Adding valproic acid to panitumumab and irinotecan for metastatic colorectal cancer rechallenge
Randomized Phase 2 Study of Valproic Acid Combined With Rechallenge Anti-EGFR Based Regimen Regimens in Pretreated Patients With RAS/BRAF Wild-type Metastatic Colorectal Cancer - VICTORIA Trial
This trial tests whether giving oral valproic acid along with panitumumab and irinotecan helps people with RAS/BRAF wild-type metastatic colorectal cancer who are being rechallenged with anti‑EGFR therapy.
Quick facts
| Phase | Phase 2 |
|---|---|
| Study type | Interventional |
| Enrollment | 130 (estimated) |
| Ages | 18 Years and up |
| Sex | All |
| Sponsor | National Cancer Institute, Naples Academic / other |
| Drugs / interventions | panitumumab, bevacizumab, fruquintinib, immunotherapy, panitimumab, chemotherapy |
| Locations | 8 sites (Caserta, CE and 7 other locations) |
| Trial ID | NCT06714357 on ClinicalTrials.gov |
What this trial studies
This multicenter, open-label, randomized phase 2 study will enroll about 130 patients with RAS/BRAF wild-type metastatic colorectal adenocarcinoma who are candidates for an anti‑EGFR rechallenge (third-line or later) and have RAS/BRAF wild-type ctDNA at study entry. Participants are randomized 1:1 to irinotecan plus panitumumab with or without daily oral valproic acid, administered every two weeks and with VPA titrated to a target serum level of 50–100 µg/mL; an initial safety run-in precedes full enrollment. The protocol includes serial tissue and liquid biopsies for correlative biomarker and tumor evolutionary analyses. Patients remain on treatment until progression, unacceptable toxicity, or other discontinuation criteria and are followed for subsequent therapies and survival.

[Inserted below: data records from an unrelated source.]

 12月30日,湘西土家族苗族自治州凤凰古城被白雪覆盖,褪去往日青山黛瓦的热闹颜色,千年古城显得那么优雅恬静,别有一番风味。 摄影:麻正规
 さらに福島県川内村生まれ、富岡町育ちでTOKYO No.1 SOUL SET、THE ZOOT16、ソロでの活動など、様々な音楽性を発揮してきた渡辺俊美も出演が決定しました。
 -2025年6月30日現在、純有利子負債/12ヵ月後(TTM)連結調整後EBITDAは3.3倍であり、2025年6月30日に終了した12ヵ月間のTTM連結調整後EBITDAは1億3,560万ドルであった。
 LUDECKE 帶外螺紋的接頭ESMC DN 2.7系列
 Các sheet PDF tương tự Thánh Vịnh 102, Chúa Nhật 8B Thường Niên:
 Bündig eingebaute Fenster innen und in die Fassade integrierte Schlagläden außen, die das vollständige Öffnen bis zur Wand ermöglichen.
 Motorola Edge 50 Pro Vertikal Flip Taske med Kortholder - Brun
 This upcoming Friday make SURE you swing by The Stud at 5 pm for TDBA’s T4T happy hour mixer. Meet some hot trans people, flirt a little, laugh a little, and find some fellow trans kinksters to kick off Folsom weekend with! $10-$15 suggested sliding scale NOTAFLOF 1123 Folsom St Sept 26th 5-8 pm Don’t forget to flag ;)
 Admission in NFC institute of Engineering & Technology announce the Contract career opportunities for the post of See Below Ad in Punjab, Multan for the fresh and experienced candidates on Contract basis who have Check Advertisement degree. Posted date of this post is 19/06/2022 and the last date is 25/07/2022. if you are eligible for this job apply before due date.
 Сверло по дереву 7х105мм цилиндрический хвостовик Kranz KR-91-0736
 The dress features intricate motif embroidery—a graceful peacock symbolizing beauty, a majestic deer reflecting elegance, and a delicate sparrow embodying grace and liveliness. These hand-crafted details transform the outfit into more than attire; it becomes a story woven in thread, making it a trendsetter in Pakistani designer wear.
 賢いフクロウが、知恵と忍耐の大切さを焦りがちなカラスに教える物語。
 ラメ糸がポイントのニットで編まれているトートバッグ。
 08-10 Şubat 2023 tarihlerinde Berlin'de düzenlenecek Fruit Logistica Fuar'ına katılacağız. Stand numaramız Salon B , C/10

Who should consider this trial
Good fit: Adults with metastatic colorectal adenocarcinoma who are RAS/BRAF wild-type in both archival tissue and ctDNA, previously benefited from anti‑EGFR therapy, and are candidates for a panitumumab plus irinotecan rechallenge (third-line or later) are ideal participants.
Not a fit: Patients with RAS or BRAF mutations on ctDNA, those who never had meaningful benefit from prior anti‑EGFR therapy, or those who cannot tolerate valproic acid or irinotecan are unlikely to benefit from this approach.
Why it matters
Potential benefit: If successful, adding valproic acid could extend or restore benefit from anti‑EGFR therapy and delay or reverse resistance in selected patients.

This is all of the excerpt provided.